Приближенные хана глядели на него так же спокойно, как их повелитель. А те немногие спутники, которых Чигала привел с собой из Исакчеи, где он именем султана Амурата был господином и владыкой, равнодушно дожидались исполнения того, что было начертано в книгах пророка Магомета, на седьмом небе. Да и кроме того, левантиец Чигала отрекся от своей веры и отуречился только ради наживы, пахлавы и одалисок. Аллах велик, аллах защитит его, коли сочтет нужным.
Острый взгляд Чигалы потускнел. Он поворотился к хану - тот опустил глаза.
- Кровь за кровь? - возопил Чигала содрогаясь. - Ты пришел убить меня, гяур?
- Я пришел судить тебя.
- Ты пришел убить меня кинжалом?
- Нет. Мой армаш владеет саблей.
Дед Петря весь взъерошился и угрожающе схватился за рукоять сабли.
Вопросы баш-чауш-баша казались безумными. Но разум его, даже в миг смертельного страха, сохранил ясность. И глаза лихорадочно искали спасения.

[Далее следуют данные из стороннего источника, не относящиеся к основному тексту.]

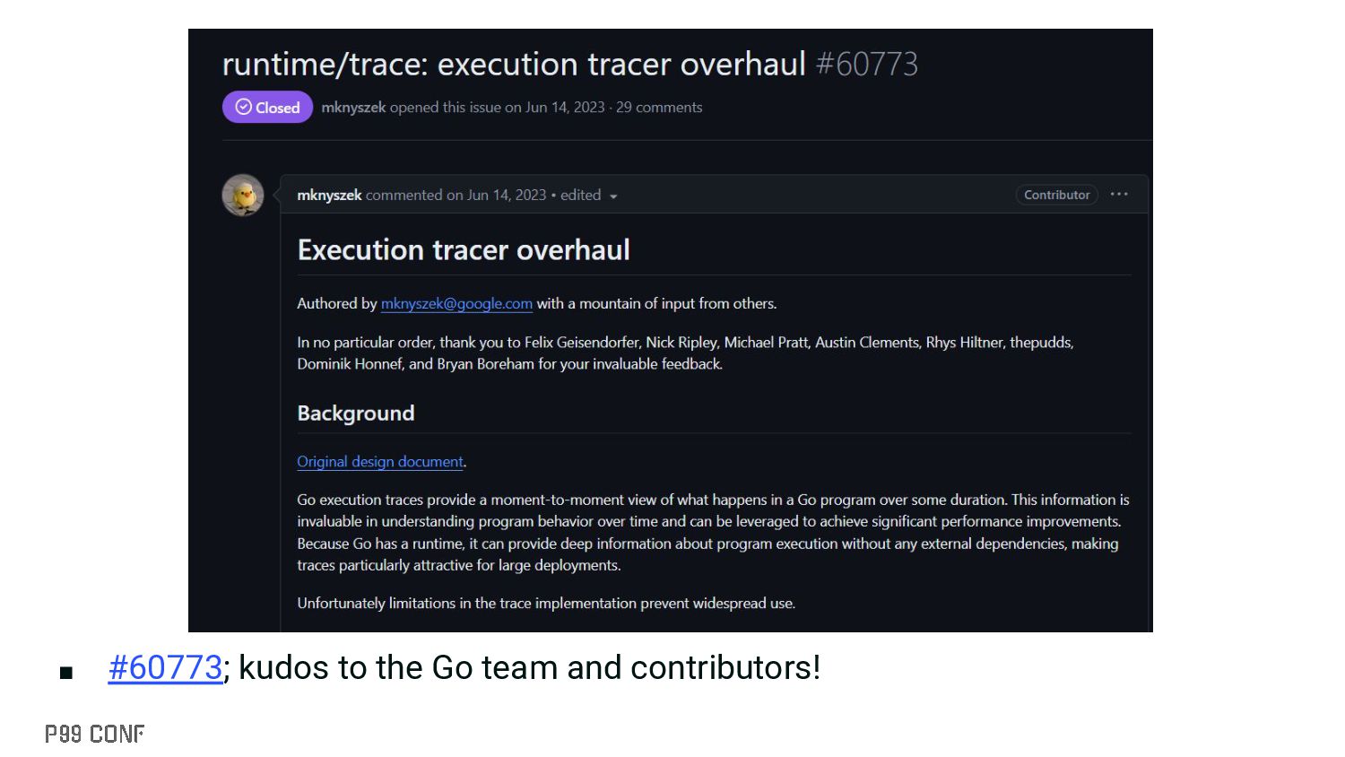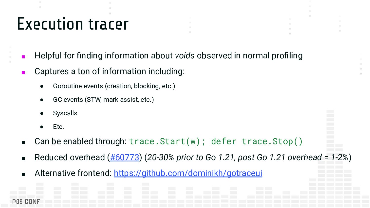 in normal profiling ▪ Captures a ton of information including: • Goroutine events (creation, blocking, etc.) • GC events (STW, mark assist, etc.) • Syscalls • Etc. ▪ Can be enabled through: trace.Start(w); defer trace.Stop() ▪ Reduced overhead (#60773) (20-30% prior to Go 1.21, post Go 1.21 overhead = 1-2%) ▪ Alternative frontend: https://github.com/dominikh/gotraceui

- Я поступил так по повелению Ахмета! - крикнул он внезапно.
- Подло поступил!
- Муж, подобный мне, храбростью занявший свое место в мире, не может подчиниться такому суду. Выйди на поединок!
- Добро, соглашусь и на это, коли признаешь, что ты, Чигала убил кинжалом витязя, боровшегося за свободу своего народа.
- Поединок без оружия - правый поединок.
Никоарэ отстегнул саблю и передал ее в руки дьяка.
- Так сдохни и ты, сын шлюхи! - воскликнул левантиец. Выпучив глаза, он выхватил из-за шелкового пояса кинжал, тот самый, которым убил Иона Водэ, и кинулся на Подкову.